Never mutate caller-provided maps unless mutation is the point of the method.
5.6 Accept Stream<T> Only for Stream-Specific Composition
Accepting streams as parameters is often awkward because streams are single-use and may be resource-backed.
Bad:
ValidationResult validate(Stream<Command> commands) {
long count = commands.count();
// Cannot traverse commands again.
}
Better:
ValidationResult validate(Iterable<Command> commands) {
// reusable if source is reusable, simple traversal otherwise
}
Accept Stream<T> only when:
- the method itself is part of a stream composition API;
- single-use semantics are acceptable;
- lifecycle is owned by the caller;
- the method performs exactly one terminal operation.
6. Type Should Not Lie About Cost
A method returning List<T> usually implies materialized data. A method returning Iterable<T> may imply cheap traversal but not necessarily cheap size. A method returning Stream<T> implies deferred work.
Bad:
List<AuditRecord> findAllAuditRecords();
This sounds safe but may load millions of rows.
Better:
Stream<AuditRecord> streamAuditRecords(AuditQuery query);
Or expose pagination:
Page<AuditRecord> findAuditRecords(AuditQuery query, PageRequest pageRequest);
Collection type is not enough when cardinality is unbounded. Use bounded query objects, page/cursor abstractions, or streaming APIs.

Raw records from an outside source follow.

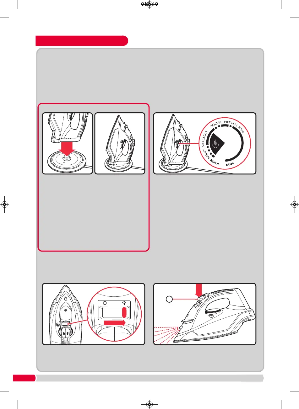 4) Switching on the steam 5) Using the water spray
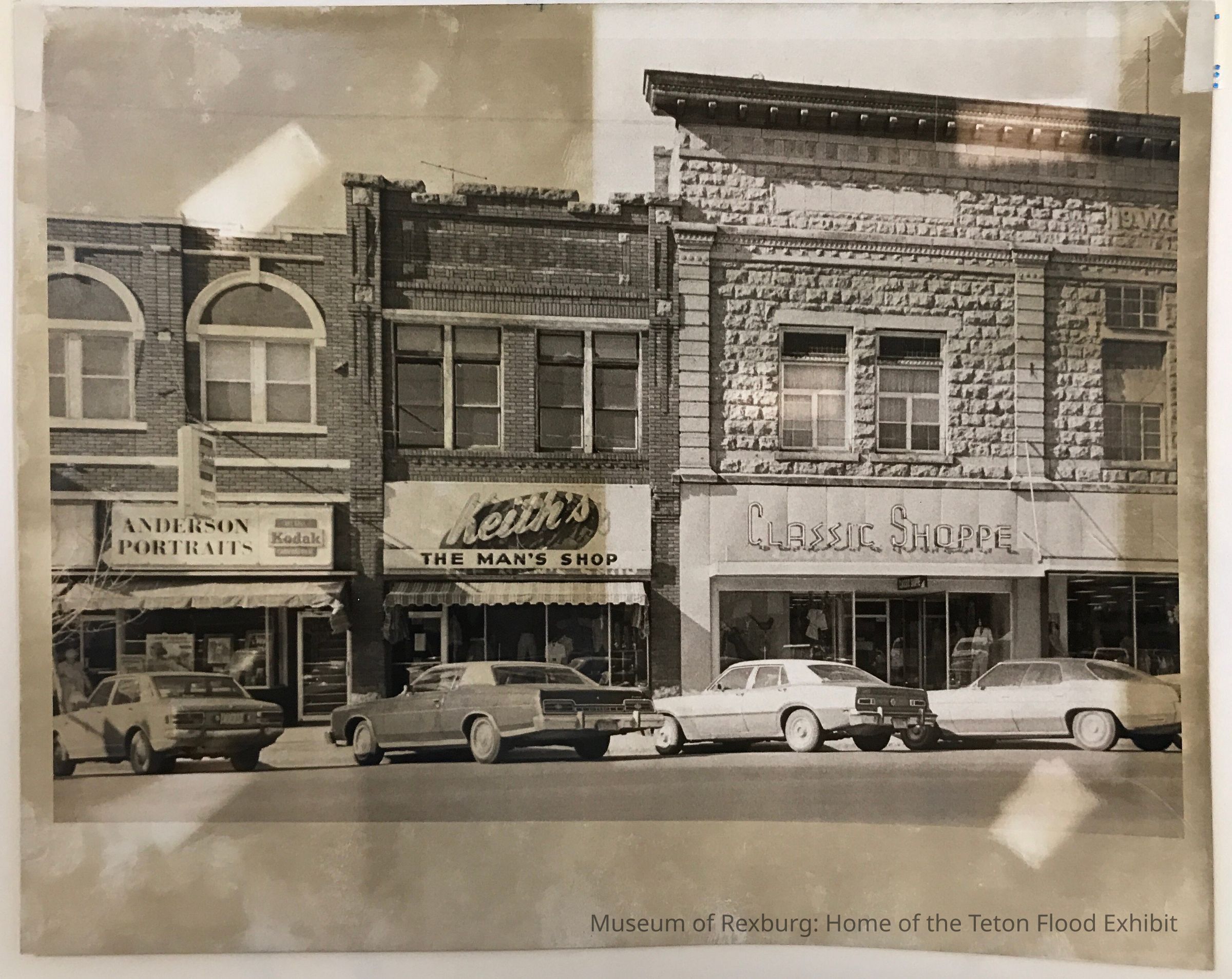 The photo is of The Classic Shoppe. It seems as though the photo was developed by hand and after the flood of the museum in 2018, it seems some chemicals rubbed off the photo and bled through to other pages. It is on the reverse side of the scrapbook page, in the bottom middle.
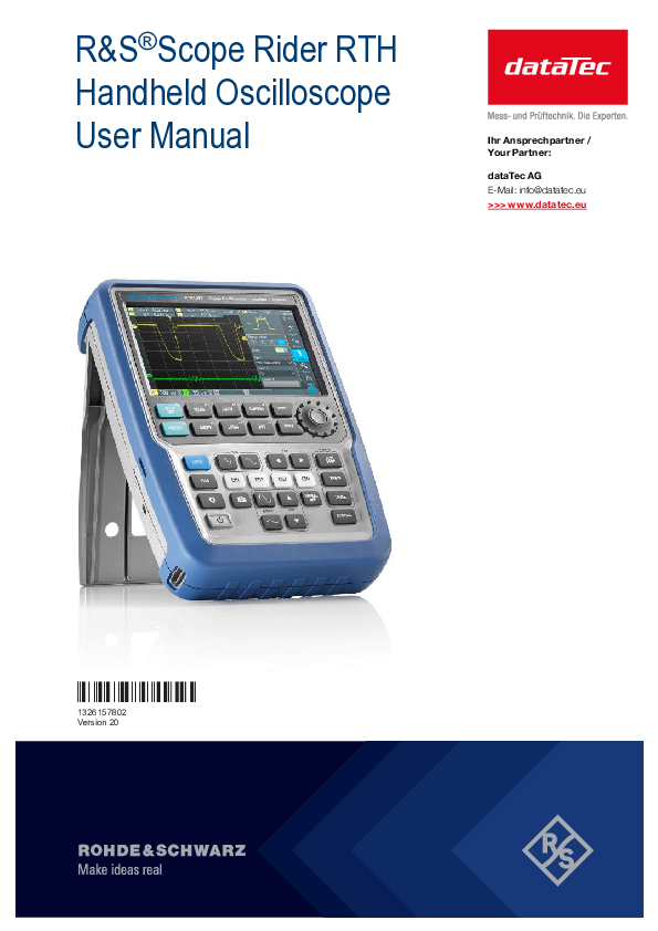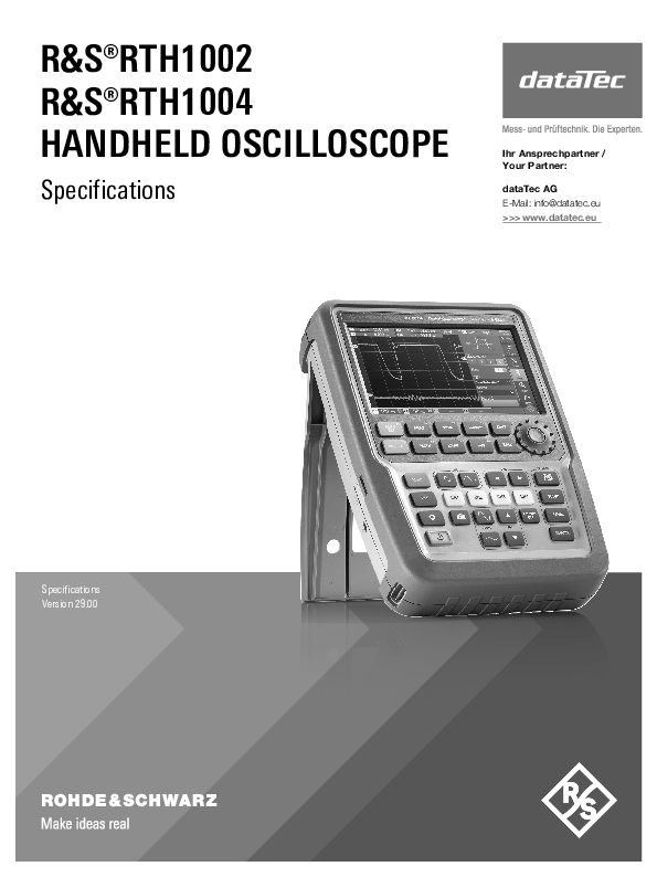 Leistungsfähigste und technisch überlegene Handheld-Oszilloskope der R&S®Scope Rider-Serie für Laboreinsatz (Lab) und mobile Anwendungen (Field). Technisch überlegen dank einem 10-bit-A/D-Wandler, einfach in der Bedienung über Touch Panel, sicher im Einsatz dank CAT IV, unabhängig unterwegs mit mehr als 4 Stunden Batterielaufzeit – das sind nur einige Eigenschaften dieses bislang einzigartigem Oszilloskops. Zudem besteht das RTH aus bis zu 5 Geräten (je nach Modell) in einem kompakten Format: Labor-Oszilloskop, Logikanalysator, Protokollanalysator, Datenlogger und digitales Multimeter.

7. Domain-Specific Collection Wrappers
When ordinary collection types cannot express invariants, create a small domain type.
7.1 Example: Non-Empty Ordered Steps
public final class WorkflowSteps implements Iterable<WorkflowStep> {
private final List<WorkflowStep> steps;
private WorkflowSteps(List<WorkflowStep> steps) {
if (steps.isEmpty()) {
throw new IllegalArgumentException("workflow must contain at least one step");
}
this.steps = List.copyOf(steps);
}
public static WorkflowSteps of(List<WorkflowStep> steps) {
return new WorkflowSteps(steps);
}
public WorkflowStep first() {
return steps.getFirst();
}
public WorkflowStep last() {
return steps.getLast();
}
public int size() {
return steps.size();
}
public List<WorkflowStep> asList() {
return steps;
}
@Override
public Iterator<WorkflowStep> iterator() {
return steps.iterator();
}
}
This communicates more than List<WorkflowStep>:
- not empty;
- ordered;
- immutable snapshot;
- no direct mutation;
- domain-specific first/last operations.
7.2 Example: Duplicate-Aware Batch
public record CommandBatch(
List<Command> commands,
Map<CommandKey, List<Command>> duplicatesByKey
) {
public CommandBatch {
commands = List.copyOf(commands);
duplicatesByKey = Map.copyOf(duplicatesByKey);
}
public boolean hasDuplicates() {
return !duplicatesByKey.isEmpty();
}
}
This avoids prematurely converting to Set or Map and losing diagnostic data.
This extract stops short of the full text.